Ingredients
Mushrooms - 250 gm
Uncooked Rice - 2 Cups
Seasonal Vegetables - 2 Cups
Onions - 2-3
Turmeric - 1-2 Tsp
Salt As Per Taste
Coriander Leaves - 4-5
Mushroom pulao is a flavorful and satisfying one-pot dish that brings together the earthy goodness of mushrooms and aromatic spices with fragrant basmati rice. This vegetarian delight is a quick and easy way to whip up a delicious meal, perfect for weeknight dinners or entertaining guests.
With its rich, savory flavors, this recipe is a delightful choice for those seeking a comforting and wholesome dish that’s bursting with taste and nutrition for any weight loss plans. So, let’s learn how to cook this mouth-watering recipe.

How Do You Prepare Mushroom Pulao At Home?
Learn to make this mouth-watering recipe at home with our quick and easy recipe.

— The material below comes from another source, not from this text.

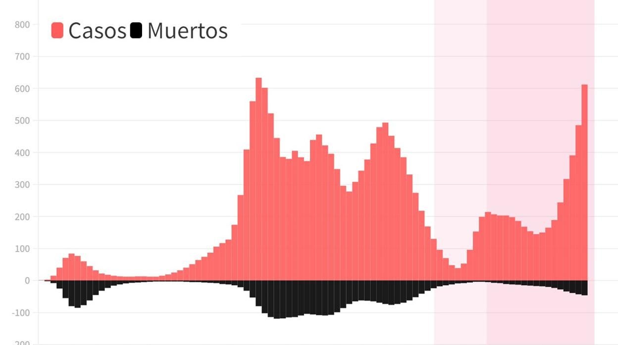 La incidencia acumulada en el conjunto de la UE está en 612 casos por cada 100.000 habitantes en los últimos 14 días, según los datos semanales del Centro Europeo para la Prevención y el Control de Enfermedades (ECDC). En noviembre de 2020 se alcanzó una incidencia de 633, pero la cifra será superada esta ola, según marca la tendencia de la actualización diaria de los datos de la Universidad de Oxford.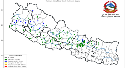 काठमाडौँ । नेपालमा पश्चिमी वायुको सामान्य प्रभाव रहेको छ । हाल कोशी, गण्डकी र कर्णाली

A flavorful, one-pot meal awaits.
- Firstly, clean the mushrooms with a damp cloth, slice them, and set them aside.
- Now, rinse the rice until the water runs clear, drain, and set aside.
- On the other hand, place a pan on medium-high heat, and add 2 tsp ghee.
- Then, add sliced mushrooms and cook for 5 minutes.
- Now, add the chopped onions and garlic and cook until the onions become light brown.
- Afterward, stir the washed rice into the pan, then add turmeric, chopped seasonal vegetables, green chili, and salt as per taste and mix to combine.
- Lastly, place a lid on the rice and reduce the heat. Cook it for 20 minutes or until the rice is tender and absorbs water.
- Finally, serve rice immediately, and garnish with chopped green coriander leaves.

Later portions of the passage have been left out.